Figure 1. Number of piracy attacks in confined areas from the Gulf of Aden and the Indian Ocean from 2008 to 2012

In the first 3 months of 2013, 4 vessels were hijacked, 51 vessels were boarded, 7 were fired upon and 4 reported attempted attacks. Seventy five crew members were taken hostage, 14 kidnapped and 1 killed [4].

Piracy is, in itself, a phenomenon that may develop rapidly in insecure areas, and needs to be monitored constantly [5]. Prevention measures are of crucial importance, as well as therapeutic interventions that may relieve piracy consequences. These include different mental/psychological disorders suffered by the victims. Issues related to maritime piracy, including health and potential psychological problems affecting victims, were recently reviewed [6].

In spite of the number of seafarers kidnapped and maintained in captivity, health problems [7] and mental consequences of kidnapping were rarely investigated or evaluated in detail. No studies were published concerning psychological/mental consequences of piracy, neither analogies and differences with other forms of kidnappings were investigated.

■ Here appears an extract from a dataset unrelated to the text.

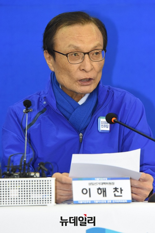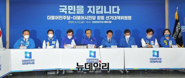 이해찬 더불어민주당 대표가 10일 오전 대전 중구 선거사무소에서 열린 더불어민주당-더불어시민당 합동 선거대책위원회에서 모두발언을 하고 있다. (대전=권창회 기자)

Psychological consequences of maritime piracy are expected to fit in the broad category of Post Traumatic Stress Disorders (PTSD), however, only sparse information is available on the topic. More data could be useful for developing preventive interventions in favour of seafarers exposed to this risk, and/or for planning therapeutic actions.

From 2011 to 2012 there were 4 Italian ships kidnapped by pirates [8], and Italian crew member victims of these criminal acts were in total 20 (Fig. 2). The longest captivity in last 10 years was the kidnapping of Savina Caylyn and its crew, which lasted 316 days [9].

3349.png

Figure 2. Italian ships kidnapped by pirates from 2011 to 2012. Ships had on board 66 seafarers, 20 of which were Italians

This paper summarises the results of psychological assessment of a group of Italian seafarers kidnapped and held in captivity from 7 to 10 months. The long time spent as prisoners, the absence of contacts with their own families, the area they were in captivity, which was far from the country of origin, the difficulties in communication even with pirates due to language differences, make this sample, even if small, a possible model of consequences of these criminal acts for their victims.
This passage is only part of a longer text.